The extreme care that Claude Debussy took in his autograph manuscripts also had its dark side ... An annoying tendency to leave his drafts unfinished, even at the sketching stage. This is recalled by the fascinating album The Unknown Debussy , by pianist Nicolas Horvath, which has just been published by Grand Piano (distribution Naxos).

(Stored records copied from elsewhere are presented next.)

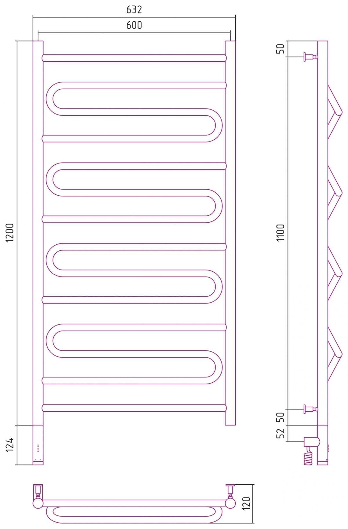 Полотенцесушитель электрический Сунержа Элегия 3.0 1200x600
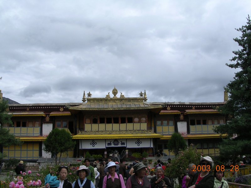 今天是樊大夫妇产科的同事带我们去罗布林卡。罗布林卡意为宝贝园林,面积三十六万平方米,是历代达赖喇嘛的夏宫。全部园林共分为两大部分:东面是罗布林卡,西部是金色林卡。建筑主要是由三座宫殿(格桑颇章、金色颇章和达丹明久颇章)所组成,园林内有苍松、翠柏等树木、花卉,并饲养着小熊猫等珍贵动物。 打车不到10分钟我们就到了罗布林卡公园,因为是雪顿节,门票从3元暴涨到60元。罗布林卡是西藏唯一饲养动物的公园,曾经是达赖的夏宫,也是达赖密谋叛乱独立的地方。因为是雪顿节,公园内很多藏族同胞在"过林卡"(相当于我们的野餐聚会),白宫(高级喇嘛休息的地方)外也有藏戏表演,服装和形式都比较特别,戴着面具就象日本的歌剧。参观了达赖喇嘛的夏宫(格桑颇章),是一座二层小楼,是西藏和平解放后修的。布置还是传统的西藏风格,宗教气氛很浓,还有达赖喇嘛讲经的宝座,旁边是很多宗教故事的唐卡(壁画)。很多人都在五体投地地顶礼膜拜。同行的八个人,除了我之外,都用西藏传统的五体投地的方式膜拜了一下。 罗布林卡应该说是西藏的皇家园林,但是比起北京的皇家园林就差远了,毕竟只是地方统治者的园林。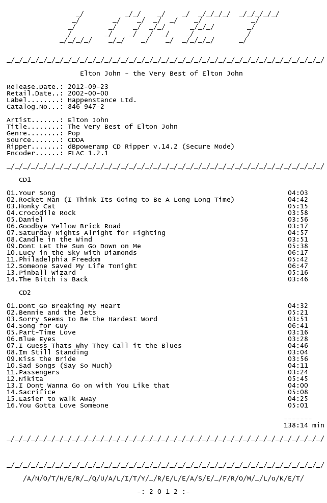 Release Name : Elton.John-The.Very.Best.of.Elton.John.2CD.FLAC.2002-LoKET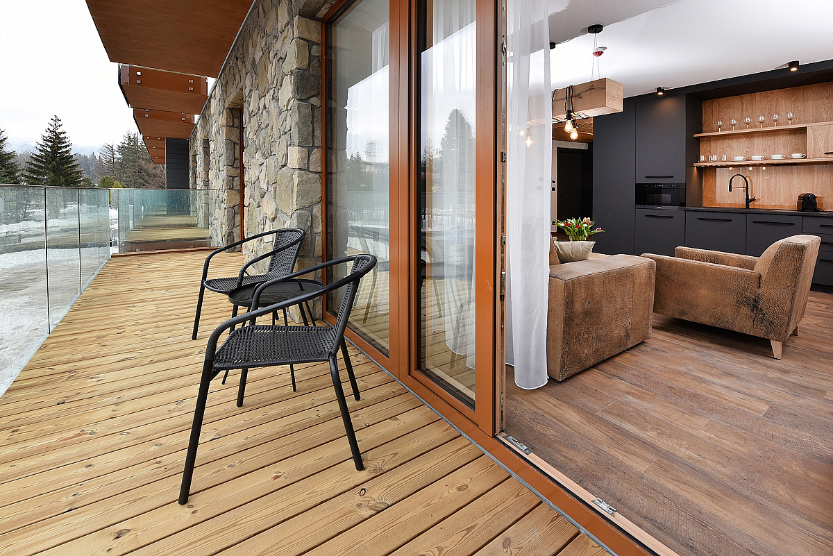 45 m² – otvorená spálňa s manželskou posteľou, priestranná obývacia izba s kuchynským kútom, krbom a rozkladacím gaučom pre 2 osoby, sociálne zariadenie so sprchou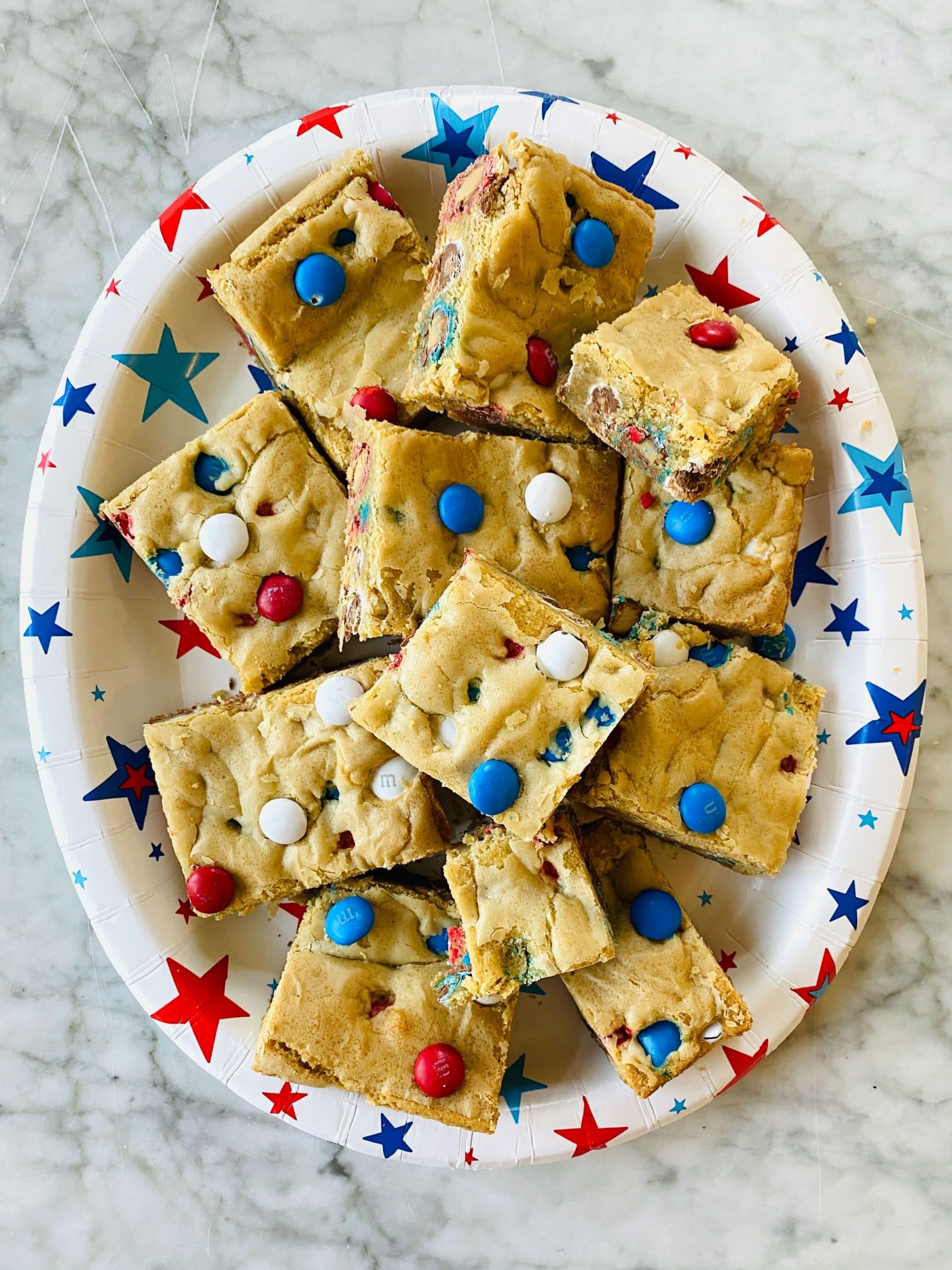 I made my brown butter cookie bars with peanut butter m&ms for the 4th. OMG.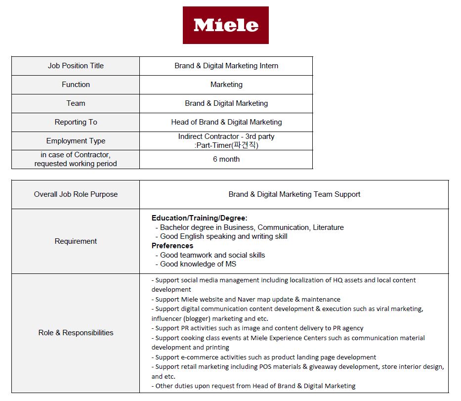 -연락처 : ji-won.min@miele.com 으로 이력서 첨부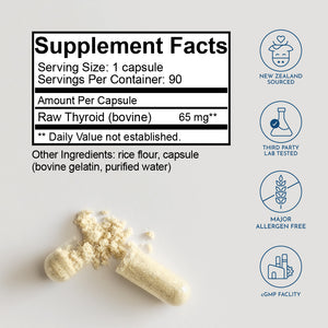 Each capsule contains 65 mg of raw desiccated New Zealand bovine thyroid. Other Ingredients Include: rice flour, capsule (bovine gelatin, purified water)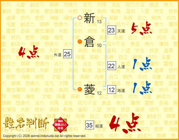 新倉菱さんの総運は35画の4点!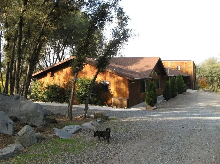 This distinctive home is located on a picturesque 3.5-acre lot in the Sierra's.Main house is a 3 bedrooms 2 bath ranch style home. Upstairs guest house,carport,pole barn 18 x 30, metal garage 24x30, tuff shed, and a workshop.The LR has windows overlooking the private wooded River front lot and your own fishing pond and waterfall. You'll feel like you are in the High Country with views of Dennison Mt. The open floor plan is perfect for entertaining.With its large deck,spa and sauna. Once you see the natural grounds with pathways throughout you will never want to leave.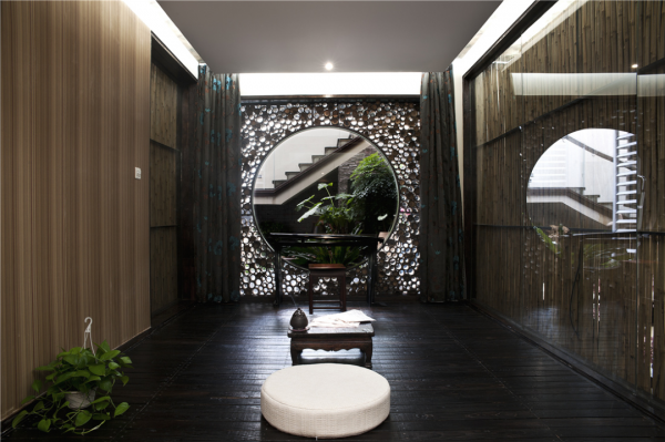 正對樓梯的一個空間,仿照園林月亮門,可以讓室外風景、綠植與室內溝通,圓窗邊的填充虛實相間,將室外的光影變幻傳達進來。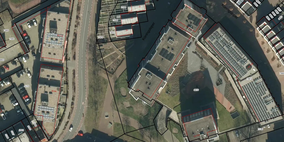 Het perceel waarop Koningsloper 119 staat heeft een oppervlakte van 4709 m². Dit is een zeer groot perceel. De perceeloppervlakte wordt geregistreerd door het Kadaster. Gedetailleerde informatie over de maten van dit perceel kunt u vinden in het rapport Kadastrale kaart met maatvoering van Koningsloper 119.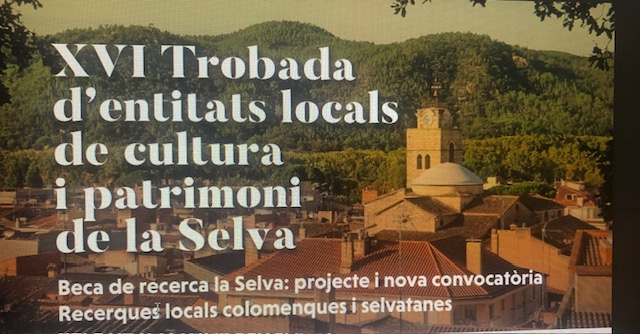 La població de Santa Coloma de Farners acollirà el pròxim 11 d’octubre la XVI Trobada d’Entitats Locals de Cultura i Patrimoni de la Selva, que es farà a l’Arxiu Comarcal a partir d’un quart de deu del matí. L’esdeveniment és organitzat pel Centre d’Estudis Selvatans, el Consell Comarcal de la Selva i l’Arxiu Comarcal, amb el suport de la Diputació de Girona, l’Institut Ramon Muntaner i, enguany, de l’Ajuntament de Santa Coloma de Farners.
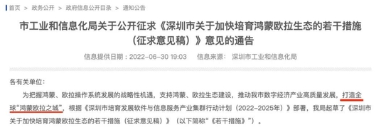6月30日,深圳市工业和信息化局发布了关于公开征求《深圳市关于加快培育鸿蒙欧拉生态的若干措施(征求意见稿)》(以下简称“《若干措施》”)意见的通告,提出要在深圳打造全球“鸿蒙欧拉之城”。
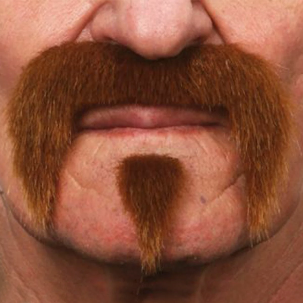 Een zelfklevende licht bruine snor en een sik. Perfect om elke outfit compleet te maken.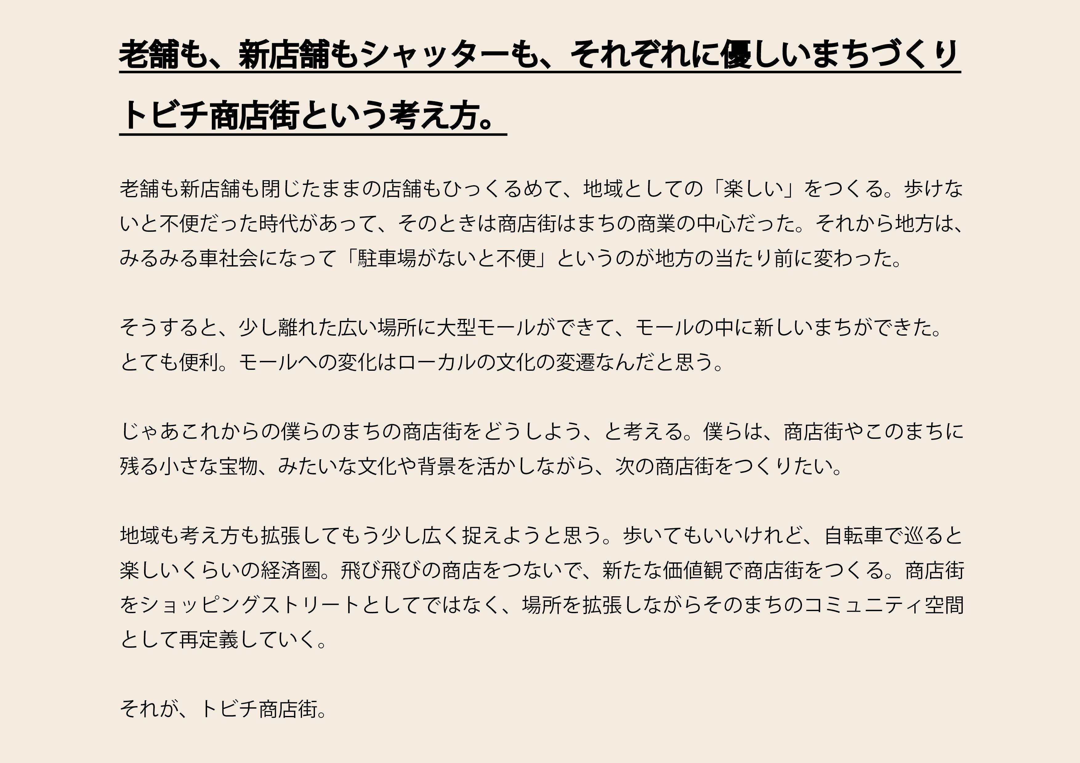 でも、だからこそ僕たちはこのまちで、「トビチ商店街」を実現したい。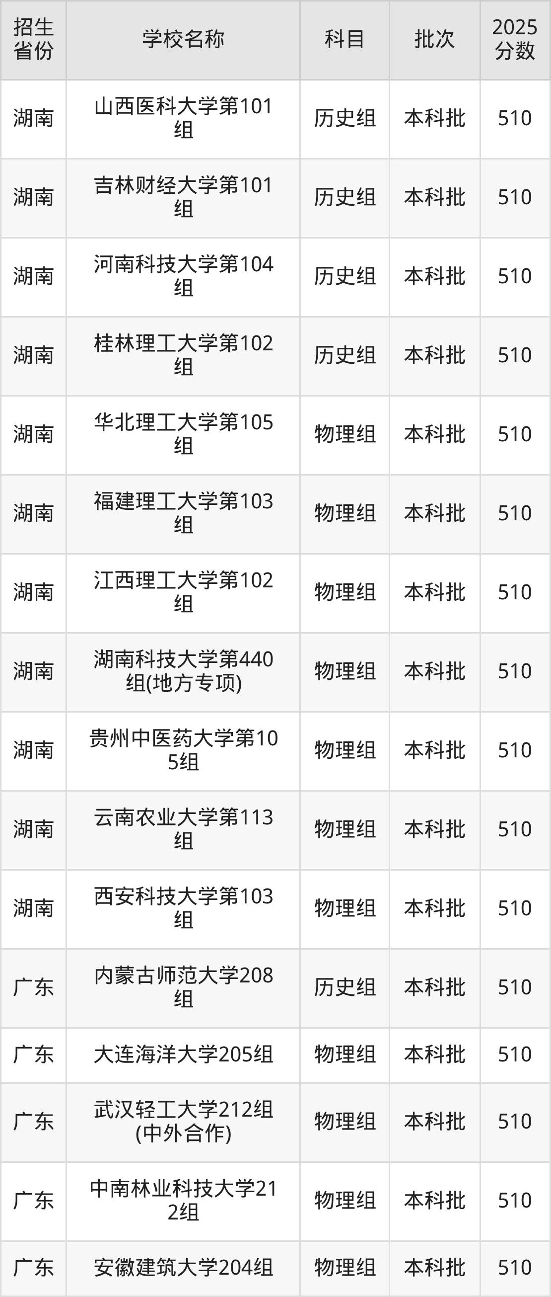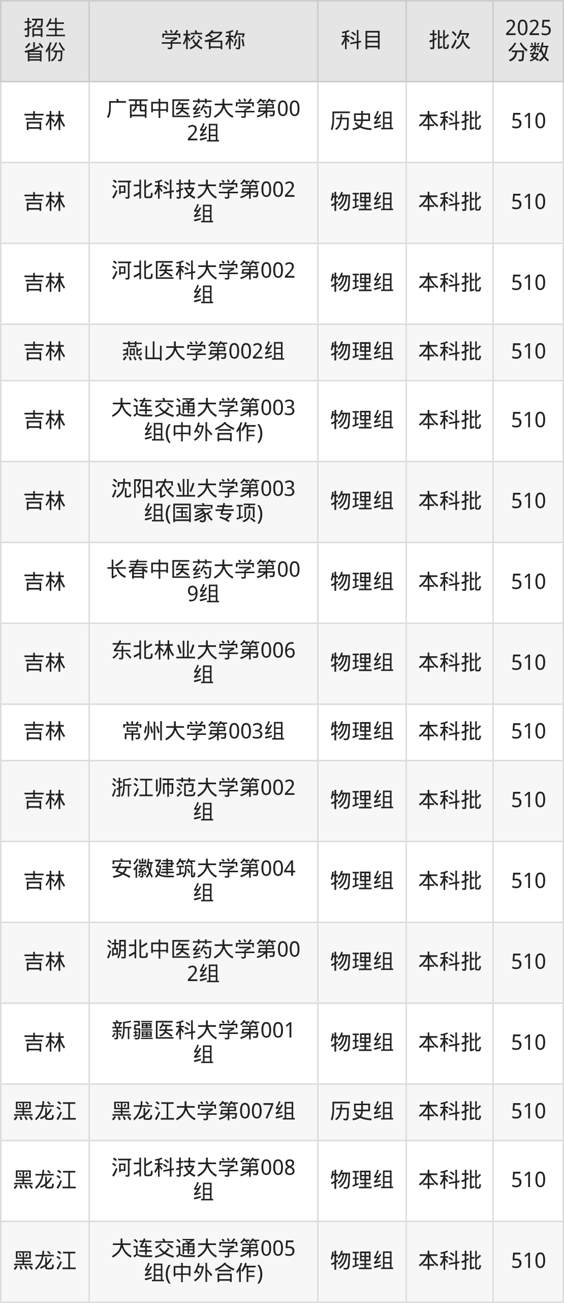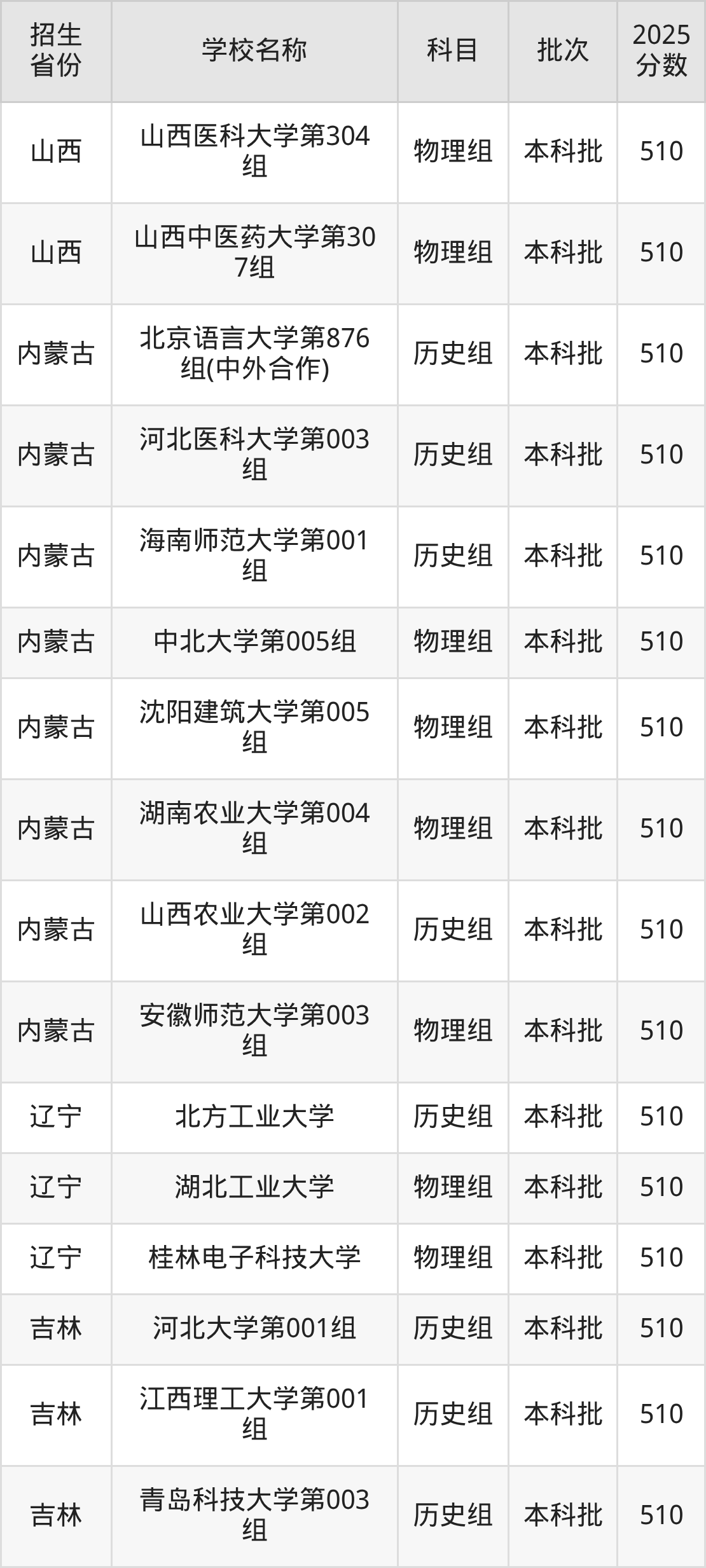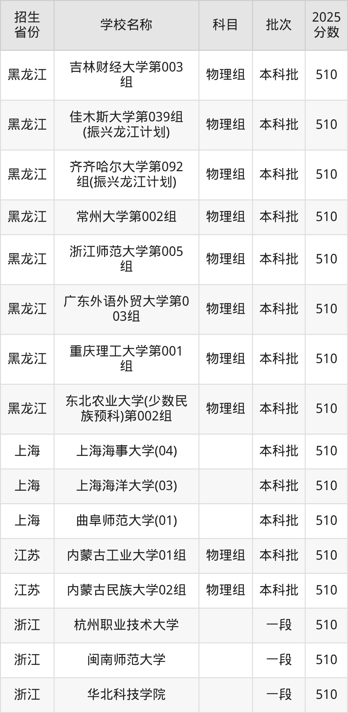 筛选全国各省2025年录取分数线为510分的重点大学如下:

Based on the research and reconstruction work of musicologist Robert Orledge, music professor at the University of Liverpool, he brings back to life about fifteen unfinished pieces, replaced or voluntarily forgotten by the composer. From the prelude to the opera he had planned around the Breton myth of Tristan, in response to that of Wagner, to the very first version of a Girl with linen hair whose simplicity and conciseness stand out with the final score. Miniatures in the form of preludes to which other sketches respond: like the fascinating drafts of a symphonic fragment of the Martyrdom of San Sebastian , of stage music around King Lear or of his Chinese ballet project No-ja -li , or the palace of silence , whose passage here proposed, based on a prelude of gamelan, is accompanied by the narration of the playwright Florient Azoulay.
Rare examples of the fifty works that the composer intended for the stage, and only two of which will eventually see the light of day ( Pelléas et Mélisande et Jeux ). So many fascinating first recordings, whose feeling of exhumation is reinforced by the virtuoso and evanescent playing of Horvath, as much as by the muffled tones of the piano of the 1920s chosen for this disc.